At one time I thought as you do. After all the general consensus is that we don’t know much. There are many theories. There are so many papers that it seems impossible to even read them. But this whole thread is about what to do to eliminate the doubt that real fusion occurs without meeting the Lawson criteria. That happens if POSITA examine the data and it is persuasive enough that they mostly agree the fusion has occurred. The hard part then is getting the POSITA, this forum, to consider the hard facts and then to use that agreement to get the facts to those who can fund research which could lead to abundant energy.

For example, the following fusion on a catalyst transmutation reaction is accurate to about 15 parts in 3000: 2 0 + 14 D goes to 4 N + 4 H. What was in the before reaction sample, what was in the after-reaction sample, how many units of oxygen and deuterium disappear and how much nitrogen and hydrogen appear and to what accuracy those are hard facts. They were derived by reasonable assumptions applied to real data from Santilli’s intermediate fusion pending patent, US 2012/0033775 A1.

I need your help my fellows. Let open a thread on fusion on a catalyst and see if we can agree to work together.

Quote from Shane D.

30 years into this, and I have to wonder why TG should be concerned about "quick shots"? The LENR community has claimed this is well established science after all, so no need for them to take on the role to research it.

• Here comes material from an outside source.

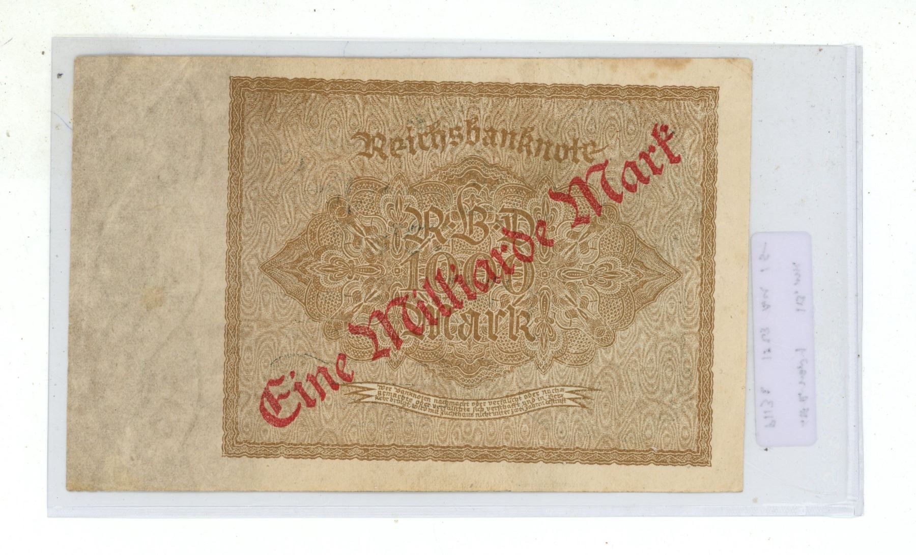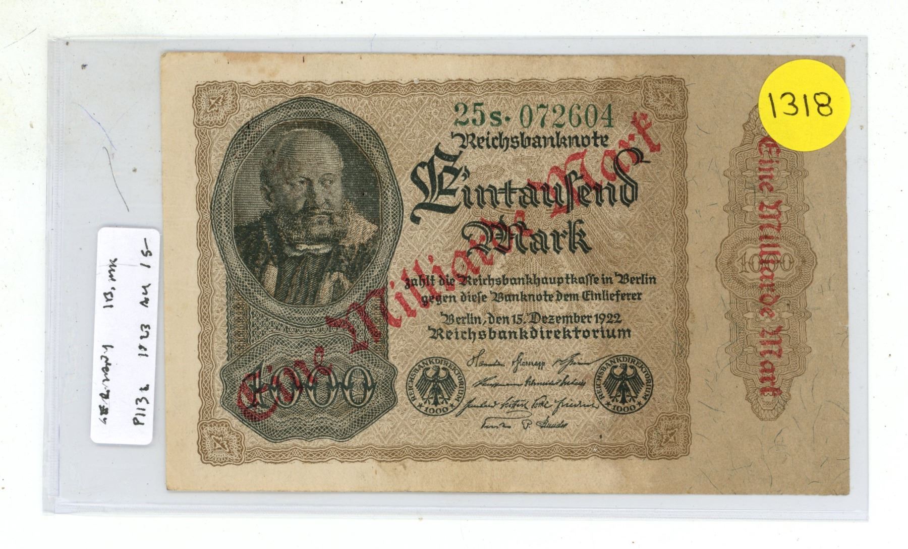 Germany – Weimar Republic. 1923 1 Milliarde (Billion) Mark Overprint on 1000 Mark. AU.

TG clearly states their goal is to prove LENR, based on what the field has claimed are replicable experiments. So what are those experiments? Answering that, is what we were asked to do. Unfortunately, not doing a very good job of it.

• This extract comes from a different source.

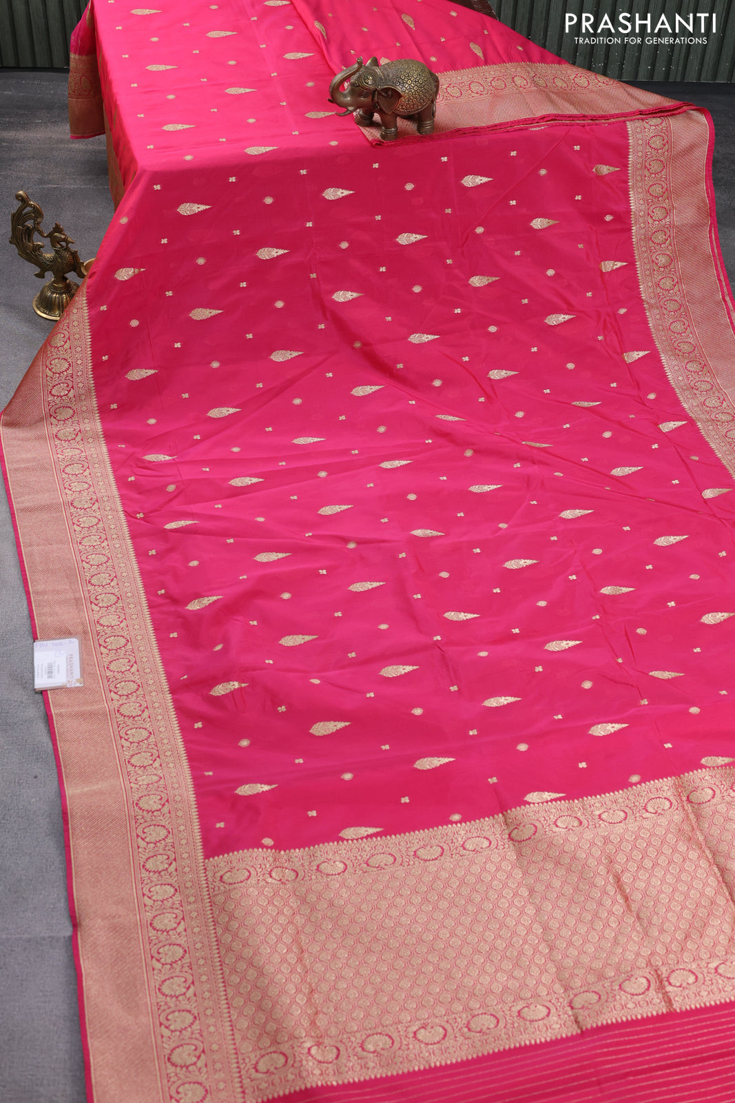 Banarasi semi katan silk saree pink with zari woven buttas and rich zari woven border

IMO, the field has to step up the plate, give them what they are asking for, and own up to the outcome...no matter the results.

Many here (Jed in particular) say that LENR is proven, that there are any number of replicable experiments that show it.

I think to use this one-in-a-lifetime opportunity of funds and people to do high quality replication properly, more attention is needed s to what this means.

For example: Mizuno's results though interesting are from a single source, and have methodological issues. Now suppose, of the many attempted replications, a few are clear positives, but none are replicated in other people's hands. Mizuno's own devices do not work now in anyone's hands. 10 years pass. Would this be a suitable experiment for google to replicate?

The LENR community should consider this: all that is needed is an experiment with guaranteed positive results given persistent experimentation. They don't have to be shown on every sample, but should be shown on enough samples to be properly tested. They don't need to be very large, just replicable and beyond calorimetric limits. In that case they can (and will) be tested to destruction or confirmation by skeptical google guys. Maybe it takes some work to get loading high enough or whatever. For decent mass flow calorimetry of the sort google would do a 20% positive would be more than enough. With care, a 10% positive enough.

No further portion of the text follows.